CBD-146. Control of Snow Drifting about Buildings

Originally published February 1972.

P.A. Schaerer

The effect of snow drifting about buildings ranges from a slight nuisance to a situation where it is impossible to keep access open. Deep snow deposits also take longer to melt in the spring, and may leave a wet and muddy ground condition for extended periods. It is usually possible, however, to orient buildings in relation to direction and other buildings and to topographic features so that drifting can be reduced.

Drifts are formed from falling snow carried in suspension by wind or from snow eroded from the ground surface, both effects occurring at wind velocities in excess of about 8 mph. The amount of snow carried by the wind is thus dependent on snowfall, on wind velocity, and on the sweep of snowcover upwind. Snow will be deposited when wind velocity is reduced or the wind direction is changed substantially. Erosion occurs when the velocity over the surface is increased or turbulence creates a scouring action of the snow surface. The deposition and erosion that create specific patterns are determined by these factors and by the slope and orientation of any obstruction in relation to the wind direction.

Snow drifting can thus be influenced by the shape and orientation of a building and by the use of snow fences and other devices to change the velocity and direction of airflow in the vicinity of the building. Consideration must be given, therefore, to the location of fences or other flow modifying features in relation to the building in order to provide for sufficient area for collection or removal of snow. Natural or artificial topography in the vicinity must also be recognized.

Drift Pattern about Buildings

Snow is deposited, often to considerable depth, on the lee side of isolated buildings, with a smaller amount on the windward side (Figure 1). A characteristic scoop or clear area is usually eroded in front of the building and at the sides. In time, the drifts tend to enclose it in a streamlined deposit and no further addition will take place as long as the wind direction does not change and the general snow surface is no higher than the walls of the building.


 1. Typical drift pattern around isolated building
Figure 1.  Typical pattern around isolated building.

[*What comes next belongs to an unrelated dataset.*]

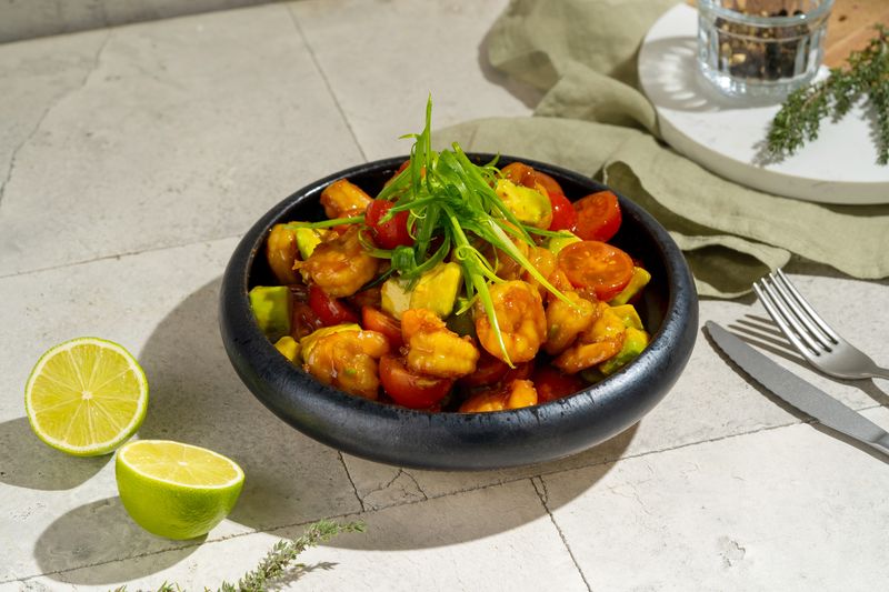 Tiigerkrevetid, avokaado, kirsstomatid, sibullehe, ingverikaste.
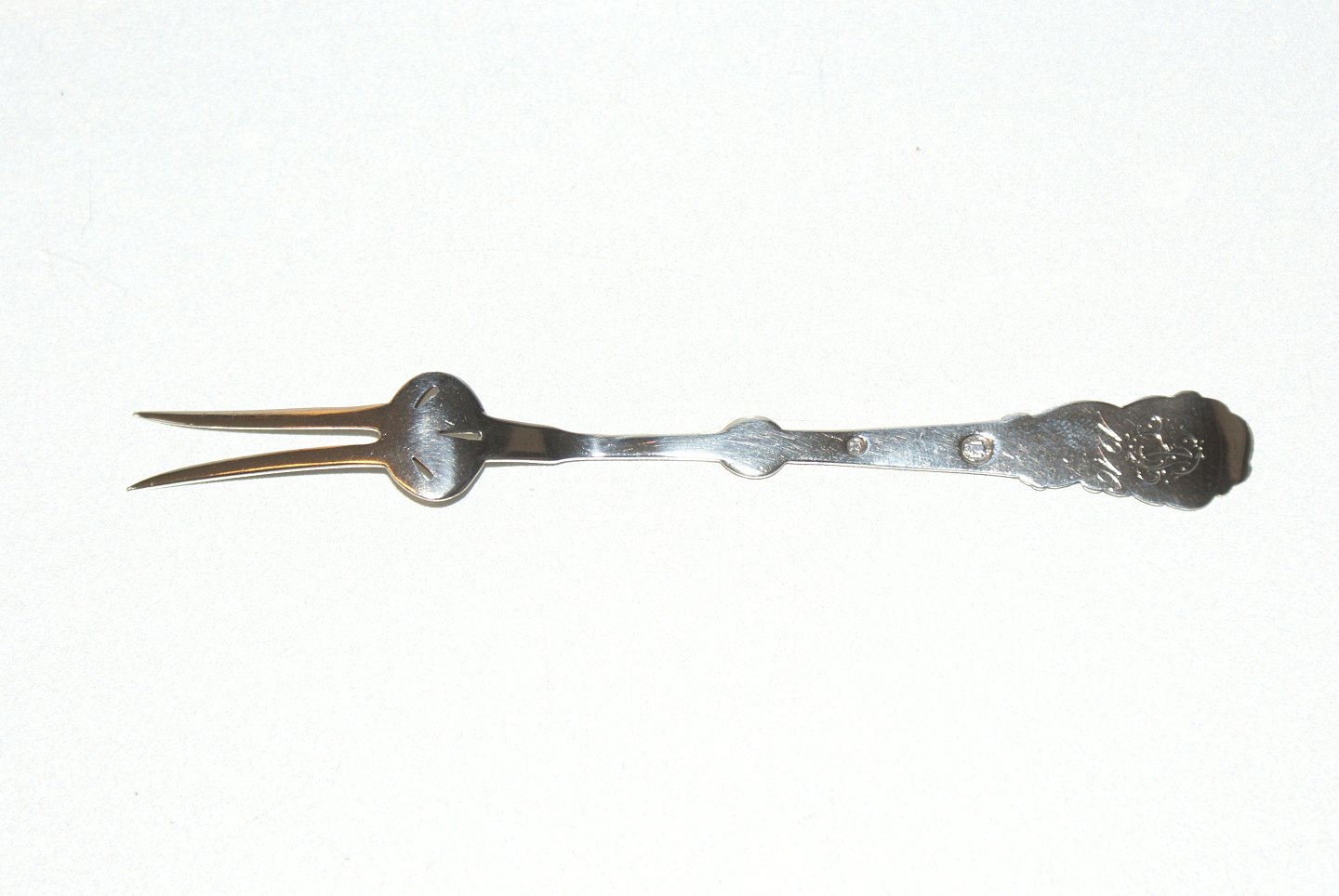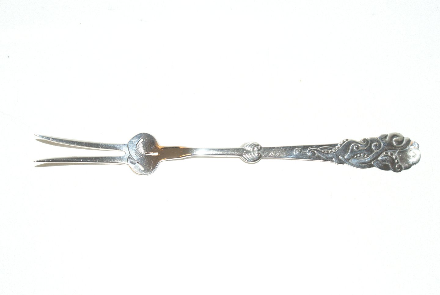 Tang, Pålægsgaffel med gravering Sølv Der er forskellige Årstal Længde 16 cm. Velholdt stand Alt bestik poleret og pakke i pose

Protection against Snow Drifting

The most important task in planning protection against snow drifting is to predict the direction of drift producing winds. When no reliable weather records are available, the direction of the wind can only be determined by observations taken at the site for at least one winter. Protective measures are usually designed for the prevailing wind, but wind from other directions must be kept in mind. Modifications to the terrain such as road cuts and fills, tree cutting and the construction of large buildings may also influence the direction and speed of wind. Such changes should therefore be considered carefully for the measures that are adopted should not produce adverse effects when the wind blows from another direction.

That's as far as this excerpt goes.